◆ **Exercise description**
The whole listing is to be written out again exactly; the pictures are not.

*** Source data ***

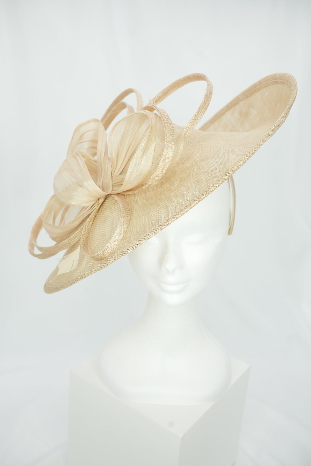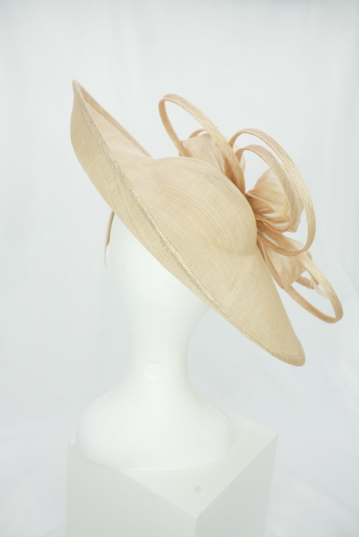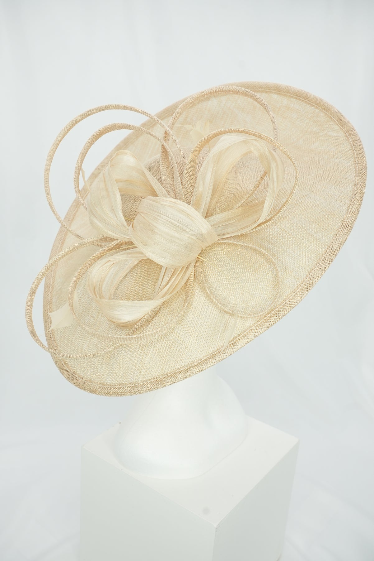 Dieser runde Tellerfascinator aus feinem Sinemay überzeugt mit seinem klaren Scheiben-Design und einer modernen, eleganten Ausstrahlung. Die Verzierung aus geschwungenen Schlaufen verleiht dem Modell Leichtigkeit und eine raffinierte Dynamik, während sie das reduzierte Design stilvoll ergänzt. Das luftige Material unterstreicht die edle Struktur des Fascinators und sorgt für ein harmonisches Gesamtbild. Ein elegantes Accessoire, das festliche Outfits geschmackvoll abrundet und zeitlose Eleganz ausstrahlt.
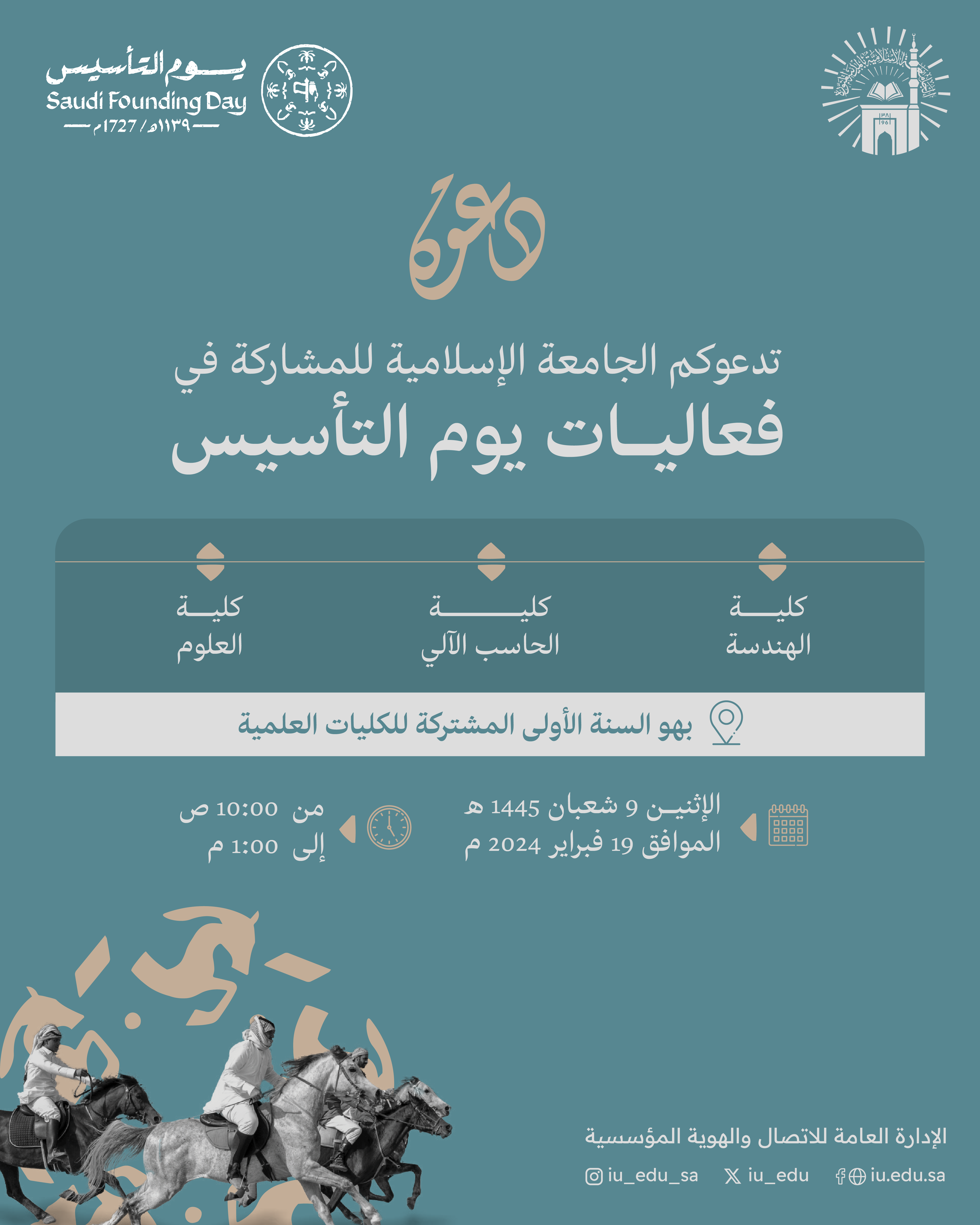 تدعوكم الجامعة الإسلامية للحضور والمشاركة في فعاليات يوم التأسيس.
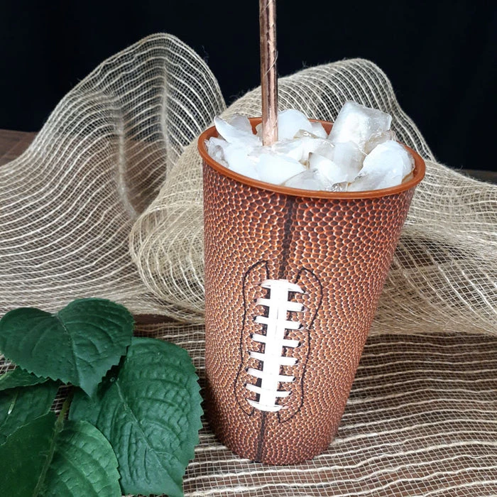 This tall plastic football cup is perfect for any Football Lover! Holds 22 ounces making it ideal for your big drinkers. Fill it up at any College, NFL, or High School Football events. Kick the tailgating off with our sturdy cup that displays an up close pigskin football design. Measures 5.5” H x 2 ¾” Base x 3 ¼” Rim.
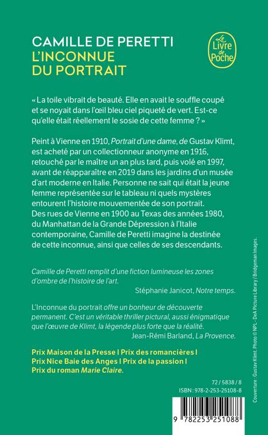 « La toile vibrait de beauté. Elle en avait le souffle coupé et se noyait dans l’œil bleu ciel piqueté de vert. Est-ce qu’elle était réellement le sosie de cette inconnue ? » Peint à Vienne en 1910, le tableau de Gustav Klimt, Portrait d’une dame, est acheté par un collectionneur anonyme en 1916, retouché par le maître un an plus tard, volé en 1997 avant de réapparaître en 2019 dans les jardins d’un musée d’art moderne en Italie. Personne ne sait qui était la jeune femme représentée dans le tableau ni quels mystères entourent l’histoire mouvementée de son portrait. Des rues de Vienne en 1900 au Texas des années 1980, du Manhattan de la Grande Dépression à l’Italie contemporaine, Camille de Peretti imagine la destinée de cette jeune femme, ainsi que celles de ses descendants.

***

◆ **Solution for this problem**
 Dieser runde Tellerfascinator aus feinem Sinemay überzeugt mit seinem klaren Scheiben-Design und einer modernen, eleganten Ausstrahlung. Die Verzierung aus geschwungenen Schlaufen verleiht dem Modell Leichtigkeit und eine raffinierte Dynamik, während sie das reduzierte Design stilvoll ergänzt. Das luftige Material unterstreicht die edle Struktur des Fascinators und sorgt für ein harmonisches Gesamtbild. Ein elegantes Accessoire, das festliche Outfits geschmackvoll abrundet und zeitlose Eleganz ausstrahlt.
 تدعوكم الجامعة الإسلامية للحضور والمشاركة في فعاليات يوم التأسيس.
 This tall plastic football cup is perfect for any Football Lover! Holds 22 ounces making it ideal for your big drinkers. Fill it up at any College, NFL, or High School Football events. Kick the tailgating off with our sturdy cup that displays an up close pigskin football design. Measures 5.5” H x 2 ¾” Base x 3 ¼” Rim.
 « La toile vibrait de beauté. Elle en avait le souffle coupé et se noyait dans l’œil bleu ciel piqueté de vert. Est-ce qu’elle était réellement le sosie de cette inconnue ? » Peint à Vienne en 1910, le tableau de Gustav Klimt, Portrait d’une dame, est acheté par un collectionneur anonyme en 1916, retouché par le maître un an plus tard, volé en 1997 avant de réapparaître en 2019 dans les jardins d’un musée d’art moderne en Italie. Personne ne sait qui était la jeune femme représentée dans le tableau ni quels mystères entourent l’histoire mouvementée de son portrait. Des rues de Vienne en 1900 au Texas des années 1980, du Manhattan de la Grande Dépression à l’Italie contemporaine, Camille de Peretti imagine la destinée de cette jeune femme, ainsi que celles de ses descendants.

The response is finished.